In performing resection or other surgical manipulations, it is highly desirable to correlate the location of instruments, patient anatomical features, or other elements or structures placed in the surgical field, and generally as seen by the surgeon, with the location of internal targets or features as visualized by one of the volume scanning techniques. Such a correlation process is often termed “localization”.
A commercially available device for localization in neurosurgery is the Brown-Roberts-Wells (abbrev. BRW) localizer (U.S. Pat. Nos. 4,341,220, and 4,608,977). The BRW system includes a large ring-like structure which surrounds the patient's head and is fixed in place. The ring establishes a 3D coordinate system with respect to the patient's head. A separate calibration unit having an array of rod elements is fixed to the ring to surround the head during the production of volume scan and/or 2D images. The rod elements have known coordinates in the 3D coordinate system established by the ring, and produce spots in the volume scans. Other features in the volume scans can then be assigned coordinates in the 3D coordinate system established by the ring, by correlation with the known coordinates of the rod elements producing the spots.
After the images are made, the calibration unit is detached from the ring, and a guidance arc calibrated to the 3D coordinate system of the ring is attached in its place. The guidance arc provides coordinate reference information which may be uses to guide a medical instrument. The medical instrument is usually attached to the guidance arc.
The BRW system has several disadvantages. The ring is cumbersome and uncomfortable for the patient, but it must be affixed in place when the volume and/or 2D scans are made, and kept there until the medical procedure is complete. It is possible to remove the ring after the scans are made, but precise repositioning is critical to avoid error in localization. Accurate repositioning is difficult, so present practice generally is to keep the ring in place until after the surgery. When not attached to the guidance arc, the position of a medical instrument in terms of the 3D coordinate system of the ring, and therefore in respect to the features identifiable in the volume or 2D scan, is not accurately known.
U.S. Pat. No. 4,618,978 to Cosman discloses a localizer device for use with a BRW-type system, including an open box composed of connected rods, which surrounds the patient's head and constitutes a calibration unit.
Alternatively, cranial implants of radio-opaque or MRI-opaque materials can be made. Generally, a minimum of three implants are required for establishing a three-dimensional space in volume scans. At present this method is considered very undesirable, in part because of the risk of infection or other complications of the implants.
Accordingly, a need remains for rapid, reliable, and inexpensive means for localizing a medical instrument relative to points of interest including both visible anatomical features and internal features imaged by volume and/or 2D methods. A need further remains for such means which does not require the physical attachment of a reference unit such as the BRW ring to the patient. Highly desirably, such means would be useful to track the position of a medical instrument in real time, and without requiring that the instrument be physically attached to a reference guide.

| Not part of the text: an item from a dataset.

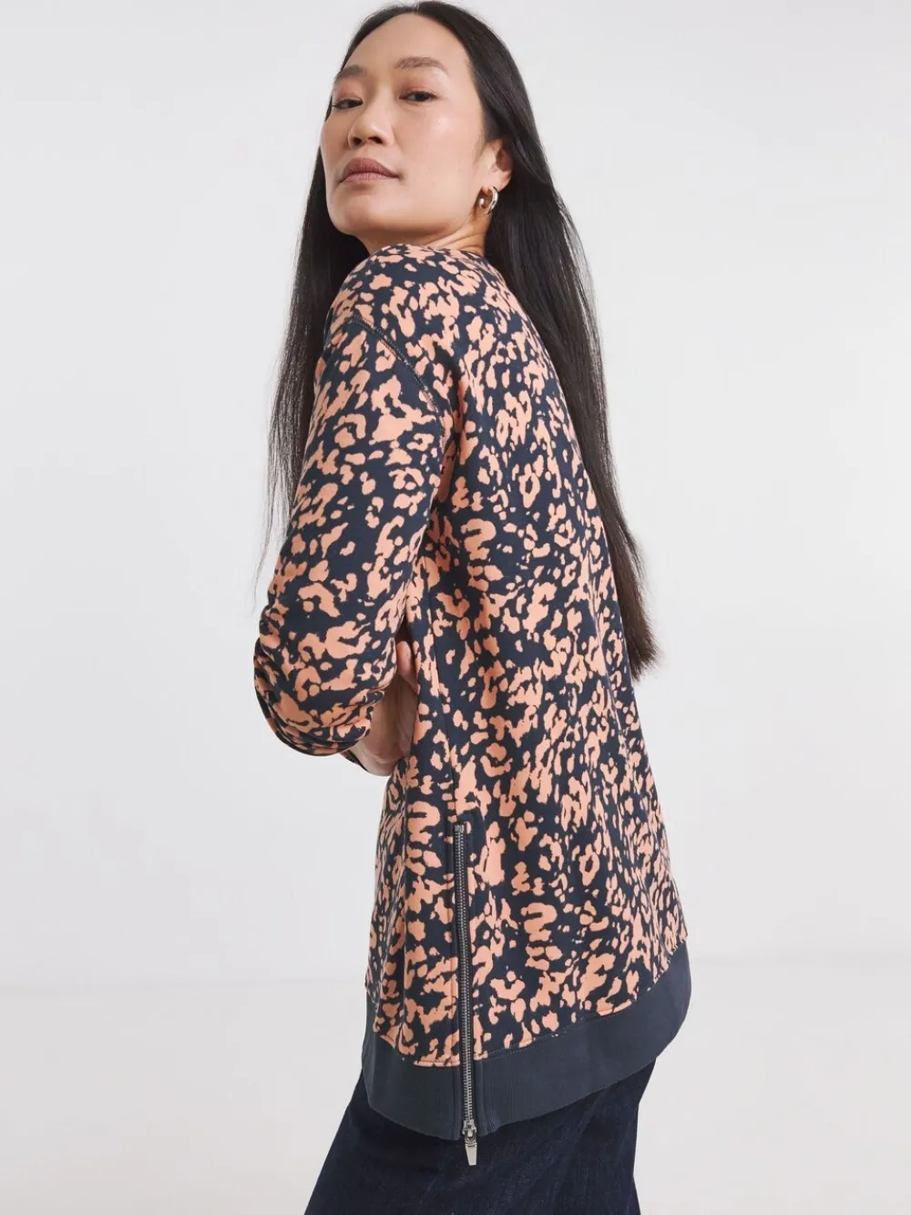 JD Williams Orange Leopard Print Side Zip Longline Sweatshirt New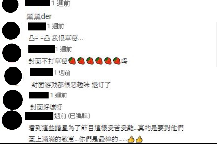 網友們看了紛紛直說:「黑黑der…」、「我恨草莓」、「封面遊戲都很惡趣味」、「封面好壞啊」、「挑這種封面放你們真的很夭壽…」,也網友直說:「看到這些諧星為了節目這樣受苦受難…真的是要對他們致上滿滿的敬意」,最後也對他們喊話:「你們是最棒的…」。

Other Terms and Definitions
A coordinate system may be thought of as a way to assign a unique set of numerical identifiers to each point or object in a selected space. The Cartesian coordinate system is one of the best known and will be used in this paragraph by way of example. In the Cartesian coordinate system, three directions x, y, z are specified, each corresponding to one of the three dimensions of what is commonly termed 3D (three-dimensional) space (FIG.
1
B). In the Cartesian system, any point can be identified by a set of three values x, y, z. The x, y and z directions can be said to establish a “three-dimensional framework” or “coordinate framework” in space. A selected point “A” can be described in terms of its values x
a
, y
a
, z
a
; these values specify only the location of point A. A different point B will have a different set of values x
b
, y
b
, z
b
. Such a set of values x,y,z for any selected point is referred to herein as the “coordinates” or “locational coordinates” of that point. When the position of a feature larger than a single point is being described, these terms are also understood to refer to a plurality of sets of x,y,z values. Other types of coordinate systems are known, for example spherical coordinate systems, and the terms “coordinates” and “locational coordinates” should further be understood to apply to any set of values required to uniquely specify a point in space in a given coordinate system.

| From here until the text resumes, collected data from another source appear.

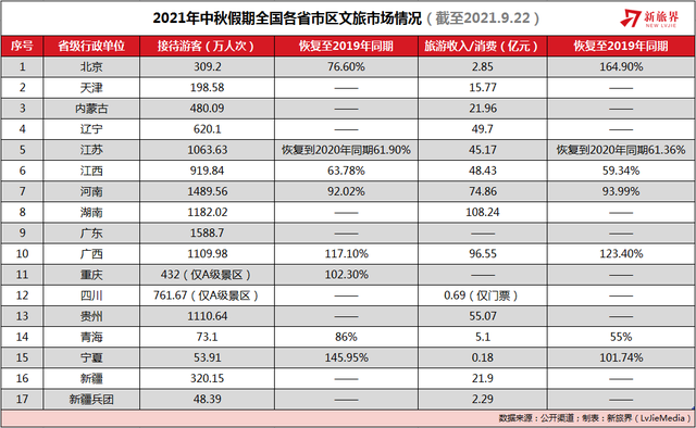 与2019年中秋假期全国各省份旅游收入的情况相比,北京、广西、宁夏等省份已超过疫前水平,其中北京旅游总收入同比增长达到64.9%,成为17个省级行政单位中旅游收入增长最快的省份。游客接待量超过疫前同期的有宁夏、广西和重庆三个省级行政单位,其中宁夏是游客接待量增长最快的省份,已恢复至2019年同期的145.95%。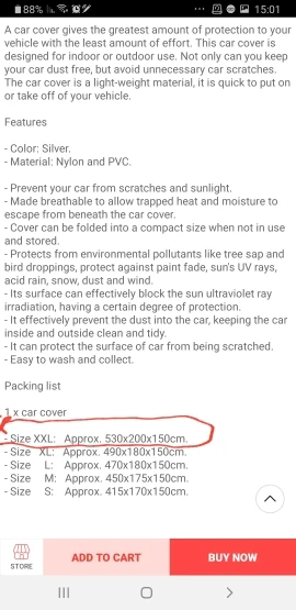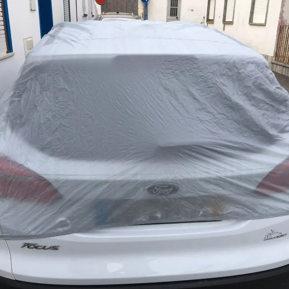 Compré esta funda para una amiga, por tanto, no puedo dar mi opinión personal sobre el producto. Según ella, la funda es un plástico de baja calidad, aunque con lo que cuesta es asumible, puesto que fundas buenas cuestan el triple como mínimo. Dice que el mayor problema se encuentra en los elásticos que agarran la funda al vehículo, dice que son muy flojos y que una racha de viento fuerte podría llevarse la funda. En cuanto al tamaño me comenta que bien, la está usando en un Hyundai Accent de los primeros modelos que se comercializaron en España.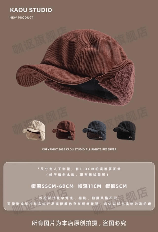 Retro Corduroy Bomber Hat Fleece Lined Winter Earflap Cap beige 22.022.8 Inches

The term “fiducial” is used herein as generally understood in engineering or surveying, to describe a point or marking, or a line, which is sufficiently precisely defined to serve as a standard or basis reference for other measurements.
SUMMARY OF THE INVENTION
The invention comprises apparatus and a method for defining the location of a medical instrument relative to elements in a medical workspace including a patient's body region, especially (but not limited to) elements seen by the surgeon. The apparatus develops a calibrated 3 dimensional framework of the workspace from a pair of 2D images made from different fixed locations, and aligns the workspace framework with a 3D scan framework defined by a volume scan. A pair of video cameras is the present preferred imaging means for obtaining the 2D image pairs. The apparatus is then operable to locate and track the position of a medical instrument during a medical procedure, with respect to features observable in either the workspace images or in the volume scan. A pictural display of such location and tracking information is provided to aid a medical practitioner performing the procedure.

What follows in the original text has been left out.